Keita Kobayashi
2022
Dataset Construction for Scientific-Document Writing Support by Extracting Related Work Section and Citations from PDF Papers
Keita Kobayashi
|
Kohei Koyama
|
Hiromi Narimatsu
|
Yasuhiro Minami
Proceedings of the Thirteenth Language Resources and Evaluation Conference
To augment datasets used for scientific-document writing support research, we extract texts from “Related Work” sections and citation information in PDF-formatted papers published in English. The previous dataset was constructed entirely with Tex-formatted papers, from which it is easy to extract citation information. However, since many publicly available papers in various fields are provided only in PDF format, a dataset constructed using only Tex papers has limited utility.

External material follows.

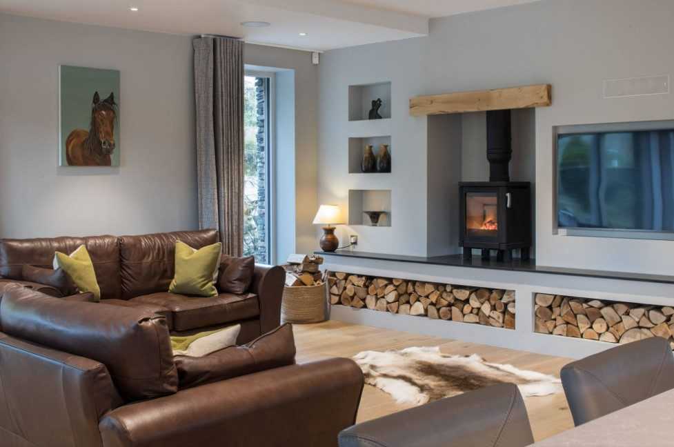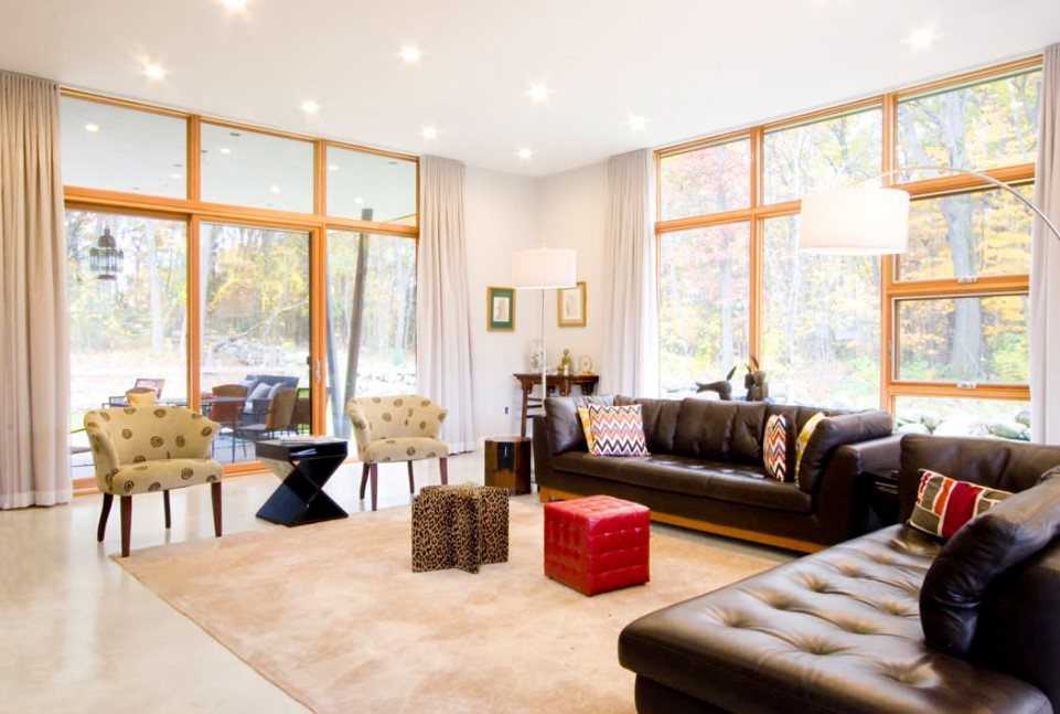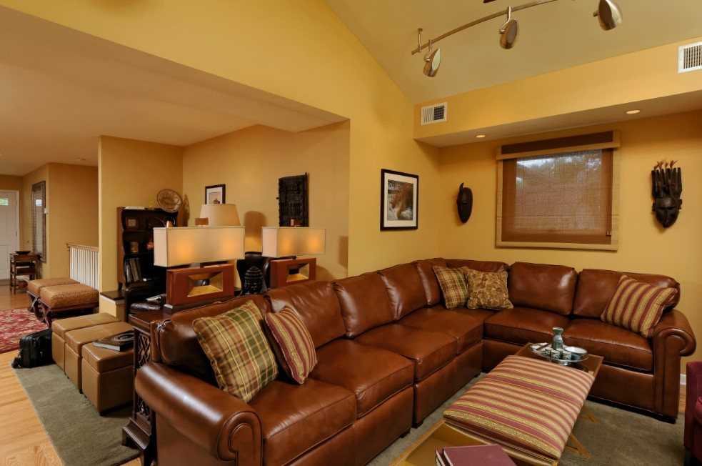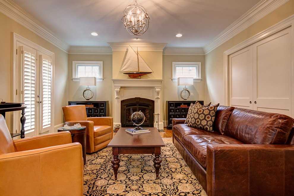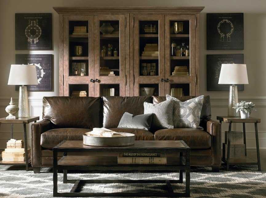Для тех кто предпочитает прямые кожаные диваны в интерьере, стоит опасаться что они могут занять много места. Как правило, их ставят вдоль стены, но в некоторых вариантах и посреди комнаты. К примеру возле стола или напротив камина.

To resolve this problem, we augment the existing dataset by extracting the titles of sections using the visual features of PDF documents and extracting the Related Work section text using the explicit title information. Since text generated from the figures and footnotes appearing in the extraction target areas is considered noise, we remove instances of such text. Moreover, we map the cited paper’s information obtained using existing tools to citation marks detected by regular expression rules, resulting in pairs of cited paper information and text of the Related Work section. By evaluating body text extraction and citation mapping in the constructed dataset, the accuracy of the proposed dataset was found to be close to that of the previous dataset. Accordingly, we demonstrated the possibility of building a significantly augmented dataset.